Под старость Катунцевский стал сварливым и въедливым. Ребята его
недолюбливали, но побаивались. Во время практики произошло одно событие,
изменившее отношение многих ребят к Григорию Васильевичу в лучшую сторону.
Об этом чуть позже.
Судовой боцман Лев Ланцов. Никто, даже опытный моряк, никогда не
признал бы в нем боцмана парусника, окажись с ним в несудовых условиях. Он
маленького роста, сухощав, но жилист. На поясе неизменный боцманский нож.
Тяжелый взгляд из-под густых бровей. Прекрасная черная окладистая борода.
Немногословен, но слова укладывает, как снайпер пули. Чувствуется, что этот
небольшого роста человек обладает твердым характером и огромной силой воли.
Наш боцман прекрасно знал рангоут, такелаж и судовые работы, воистину --
"такелажный ас"... Увы, услышал недавно, что Лев Ланцов ушел из жизни.
Еще об одном человеке хочу замолвить слово. Это Антс Рауд. Он прибыл на
"Вегу" в феврале 1959 года матросом, а ушел в 1979 году капитаном, пройдя
все морские ступени.
На судне была строгая дисциплина и распорядок дня. Конечно, нам до
выполнения команды "Все наверх! Паруса ставить!" было далеко. Мы начинали
свою практику с такелажного дела -- учились циклевать мачты и реи, работать
с парусной иглой и гардаманом. Парусная игла имеет трехгранную форму острия,
а гардаман представляет из себя огромный наперсток, закрепленный на кожаном
ремне и надеваемый на правую руку. Мы делали сплесни, плели мягкие маты и
кранцы, кнопы и мусинги (утолщения на тросах). Начали осваивать рангоут и
такелаж.
Нас расписали по заведованиям. Я попал на фок-мачту. Командир здесь --
старпом. Место мне определили на фок-рее, на который расписывали самых
крупных ребят, учитывая, что фок-парус самый большой и тяжелый. На рее
работало 8 курсантов. Вначале лазать по вантам было страшновато. Постепенно
стали привыкать к высоте, особенно это хорошо делать в темноте, когда
человек не чувствует, куда забрался.
За ночь проходило несколько тренировок. Только успеешь лечь, опять
аврал. Мы лазали по вантам, как обезьяны. Наконец, дожили и до команды
"Паруса ставить!" Ставили и убирали, ставили и убирали... Под парусами
"Вега" легко порхала, как молодая гимназистка в танце. Это незабываемое
ощущение-- свободный полет над волнами. Неповторимое чувство!

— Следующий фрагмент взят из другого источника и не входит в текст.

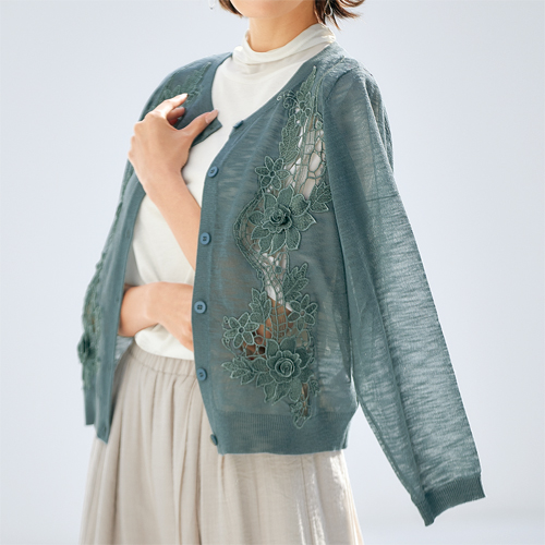 フロントに透かし柄の刺しゅうレースをあしらい、立体的なフラワーモチーフを咲かせた華やかなカーディガン。

При подходе на рейд Приморска капитан сказал: "Отдадим якорь, объявим
купание". Не успел капитан рта закрыть, как один курсантский организм
прыгнул за борт вперед ногами. Капитан был разъярен и взбешен -- на учебном
судне анархия и партизанщина недопустимы. Объявили тревогу "Человек за
бортом", спустили шлюпку и вытащили пловца.
На рейде Приморска мы много купались и занимались шлюпочными учениями.
Каждый из нас должен был сдать зачет на самостоятельное управление шлюпкой.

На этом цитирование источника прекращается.